As you plan for your retirement, you need to also make sure that you are planning on your long-term care. There is a good chance that as you age, you may need long-term care. Long-term care is when you need medical or other assistance in order to take care of your health and daily life functions. Many people develop the need for long-term care due to either cognitive or physical impairments that come-up. Generally, if you need care for more than a few months at a time, that is considered long-term care.
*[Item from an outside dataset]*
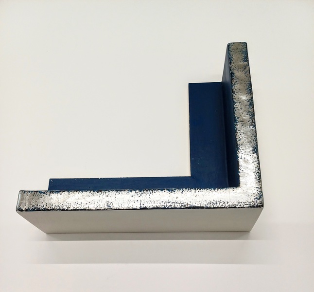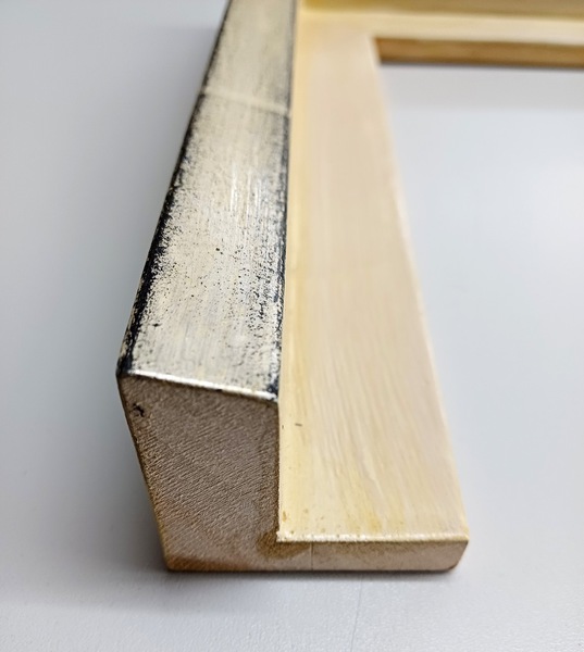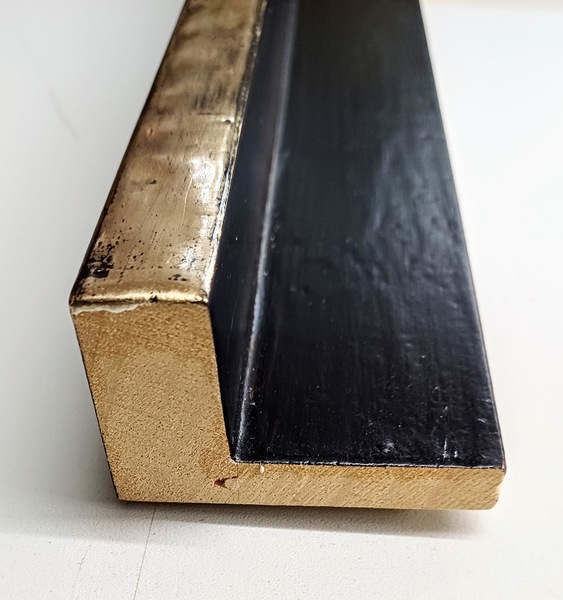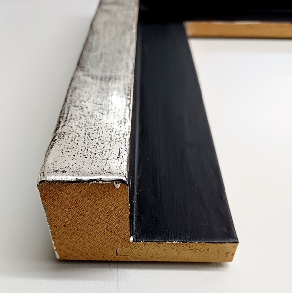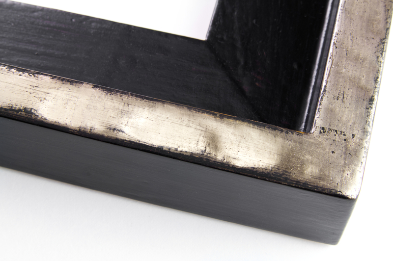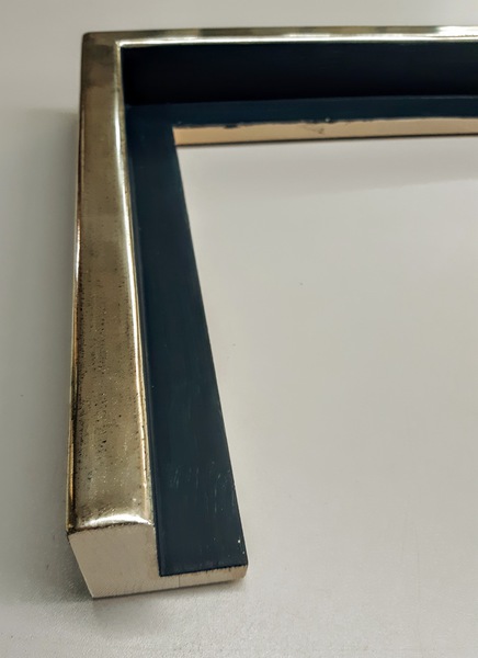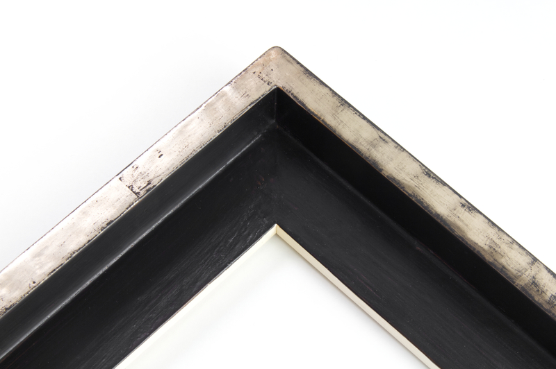 Handgefertigter Schattenfugenrahmen mit Blattsilber auf schwarzem Poliment. 35 mm hoch, Sicht 10 mm. Aussenmaß: 180 x 62 cm
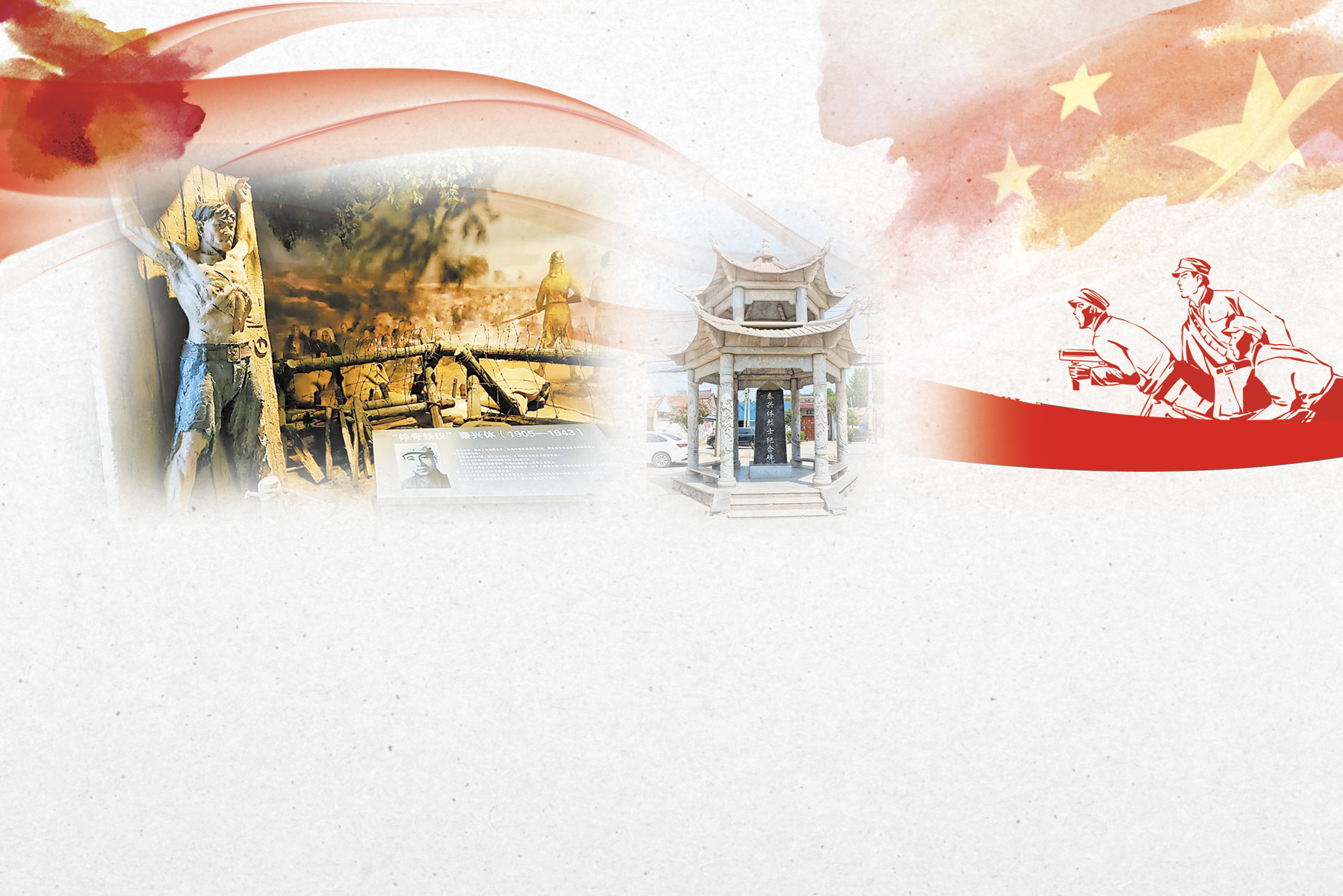 菏泽抗日纪念馆内秦兴体牺牲时的场景雕塑    ◀刘岗村秦兴体烈士纪念碑

How To Pay For Long-Term Care

However, long-term care can be expensive if you don't save and plan for it. Although your medical insurance may cover some long-term care costs, generally a lot of left for you to take care of yourself. One of the best ways to ensure that you will have the money you need to pay for long-term care is by purchasing a long-term care policy. The two primary types of long-term care policies are traditional polices and hybrid polices. Here are a few things that you need to know about how hybrid polices differ from traditional polices.

The Cost Is Set

With a hybrid policy, the cost is set. You are going to pay a set premium every year for a set amount of years. For example, you will pay a premium of $8,000 for ten years. After the ten years have passed, your policy will be fully paid off, and you will be able to use it for the duration of your life. The price for the police will not increase over time, and you can rest assured that it is paid off and you'll have access to it when you need it.

In contrast, with a traditional long-term care policy, you will have to pay a premium every year for as long as you want to be covered by the long-term care policy. You may also face increased rates over time. For example, you may have to pay $2,000 dollar premium per year for coverage for the rest of your life. If you fail to pay the premium one year, you'll lose the coverage that you paid for.

You Can Get A Refund While Alive

With a hybrid policy you can get a refund if you don't use the benefits. Most hybrid polices are set-up so that you can get a significant part of the premium back if you decide to cancel the policy after it is paid in full when you are still alive. This makes your hybrid long-term care policy also a great savings tool; it can give you direct access to cash if you ever need it.

Your Heirs Can Get A Refund

If you don't use your long-term care policy and you die, your heirs can still get back some of the money that you invested in the policy. Your heirs could potentially get back as much money as you invested into your long-term care policy when you pass away. This provides another way of saving money to take care of yourself and your family at the same time.